◆ **About this exercise**:
An exact copy of the entries below is required, with all pictures removed.

Data entries
....

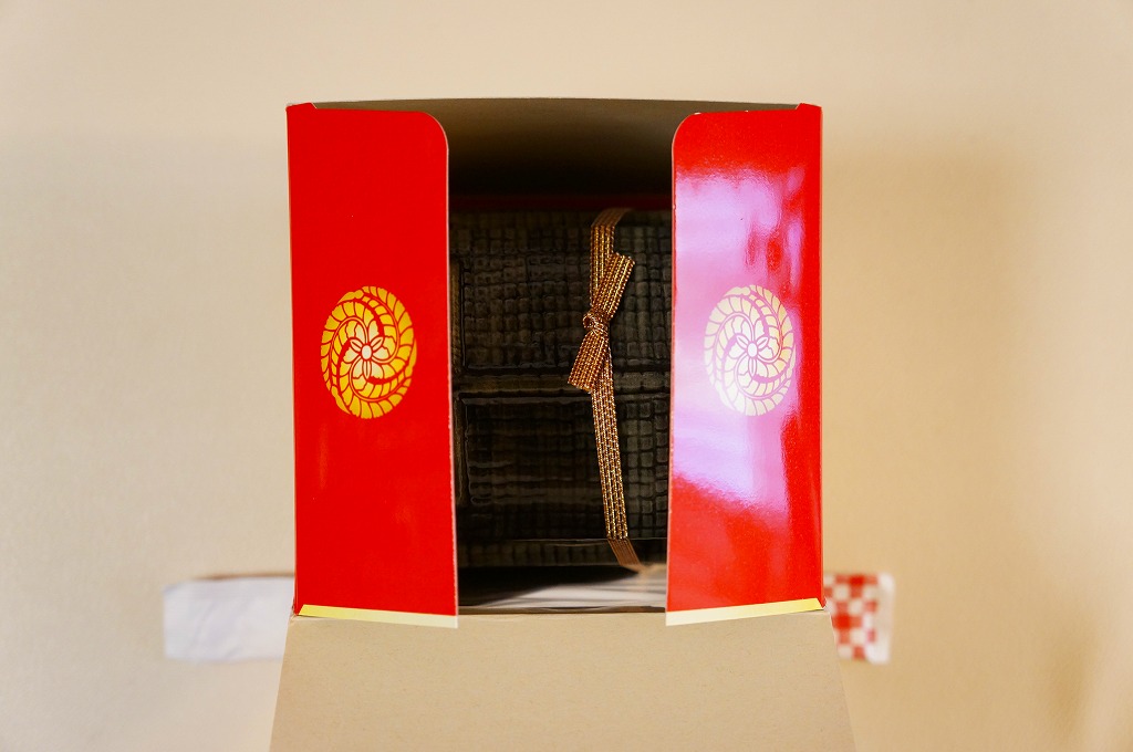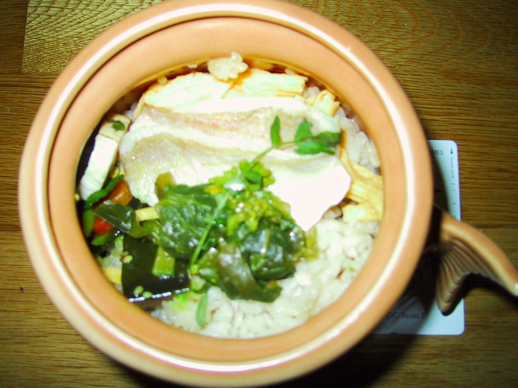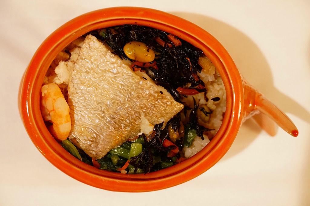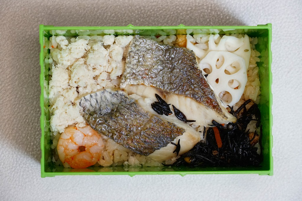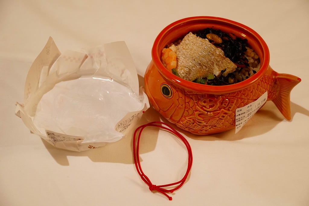 1999(平成11)年に発売。尻尾の付いたユーモラスな形の陶器を容器に使用、鯛の骨で出汁を取り鯛の子を混ぜた炊き込み御飯の上に、小鯛の酒蒸しを、錦糸卵や菜の花和えとともに載せる。現在は販売されていない模様。
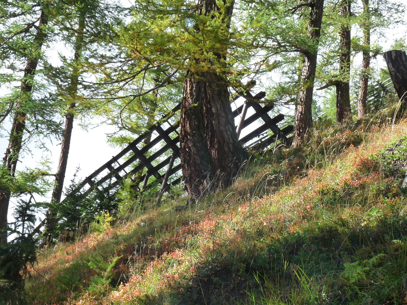In addition to the trees, metallic avalanche barriers prevent this steep slope and the village down in the valley from destruction.
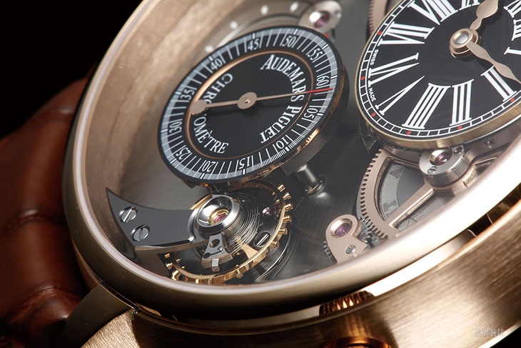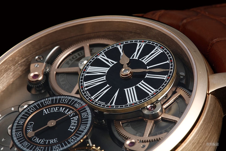 這款算是歷來對愛彼擒縱修改最多的一款,在這款之外的愛彼擒縱款式震頻都在21,600vph,然而這款卻一舉提升到43,200vph,也就是每秒12次震動,在它初出的2009年當時一般市售型號當中只有SEIKO的8L88可以跟它相比;而為了適應這麼高的震頻,這款也換裝了愛彼擒縱款式歷來最小尺寸的擺輪,微調裝置也從砝碼改成螺絲。針對獨家擒縱再加以高震頻化是AP對它在精度表現上的一個期許,事實上在同年(2009)年底他們就把它送去參加那一年重新舉辦的國際天文台競賽,雖然結果並沒有奪冠,但這仍然證明了它複雜的機構並非一味炫技的花拳繡腿,錶款名字中的Chronometer當之無愧。這款玫瑰金款是2012年推出的改款,錶殼之外面盤和外露的基板也都走深色路線,比起白K金版多了一種性感。
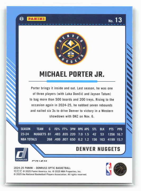 This is a nice example of a 2024-25 Donruss Optic #13 Michael Porter Jr. Purple Shock Other important information about this card:In 2024 Michael Porter Jr. played for the Denver...
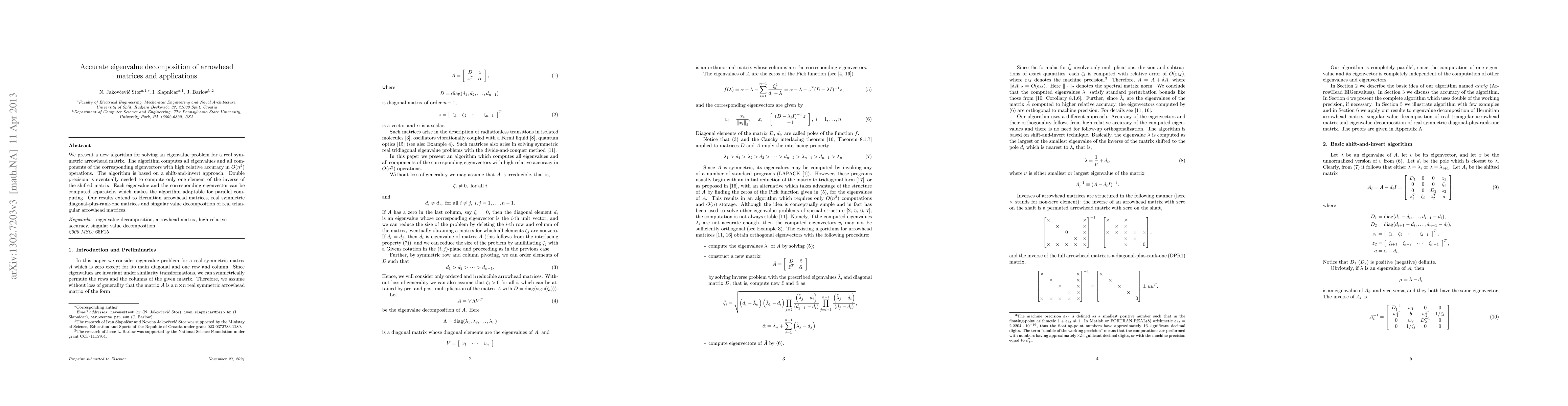 We present a new algorithm for solving an eigenvalue problem for a real symmetric arrowhead matrix. The algorithm computes all eigenvalues and all components of the corresponding eigenvectors with high relative accuracy in $O(n^{2})$ operations. The algorithm is based on a shift-and-invert approach. Double precision is eventually needed to compute only one element of the inverse of the shifted matrix. Each eigenvalue and the corresponding eigenvector can be computed separately, which makes the algorithm adaptable for parallel computing. Our results extend to Hermitian arrowhead matrices, real symmetric diagonal-plus-rank-one matrices and singular value decomposition of real triangular arrowhead matrices.

....

◆ **Solution**:
 1999(平成11)年に発売。尻尾の付いたユーモラスな形の陶器を容器に使用、鯛の骨で出汁を取り鯛の子を混ぜた炊き込み御飯の上に、小鯛の酒蒸しを、錦糸卵や菜の花和えとともに載せる。現在は販売されていない模様。
In addition to the trees, metallic avalanche barriers prevent this steep slope and the village down in the valley from destruction.
 這款算是歷來對愛彼擒縱修改最多的一款,在這款之外的愛彼擒縱款式震頻都在21,600vph,然而這款卻一舉提升到43,200vph,也就是每秒12次震動,在它初出的2009年當時一般市售型號當中只有SEIKO的8L88可以跟它相比;而為了適應這麼高的震頻,這款也換裝了愛彼擒縱款式歷來最小尺寸的擺輪,微調裝置也從砝碼改成螺絲。針對獨家擒縱再加以高震頻化是AP對它在精度表現上的一個期許,事實上在同年(2009)年底他們就把它送去參加那一年重新舉辦的國際天文台競賽,雖然結果並沒有奪冠,但這仍然證明了它複雜的機構並非一味炫技的花拳繡腿,錶款名字中的Chronometer當之無愧。這款玫瑰金款是2012年推出的改款,錶殼之外面盤和外露的基板也都走深色路線,比起白K金版多了一種性感。
 This is a nice example of a 2024-25 Donruss Optic #13 Michael Porter Jr. Purple Shock Other important information about this card:In 2024 Michael Porter Jr. played for the Denver...
 We present a new algorithm for solving an eigenvalue problem for a real symmetric arrowhead matrix. The algorithm computes all eigenvalues and all components of the corresponding eigenvectors with high relative accuracy in $O(n^{2})$ operations. The algorithm is based on a shift-and-invert approach. Double precision is eventually needed to compute only one element of the inverse of the shifted matrix. Each eigenvalue and the corresponding eigenvector can be computed separately, which makes the algorithm adaptable for parallel computing. Our results extend to Hermitian arrowhead matrices, real symmetric diagonal-plus-rank-one matrices and singular value decomposition of real triangular arrowhead matrices.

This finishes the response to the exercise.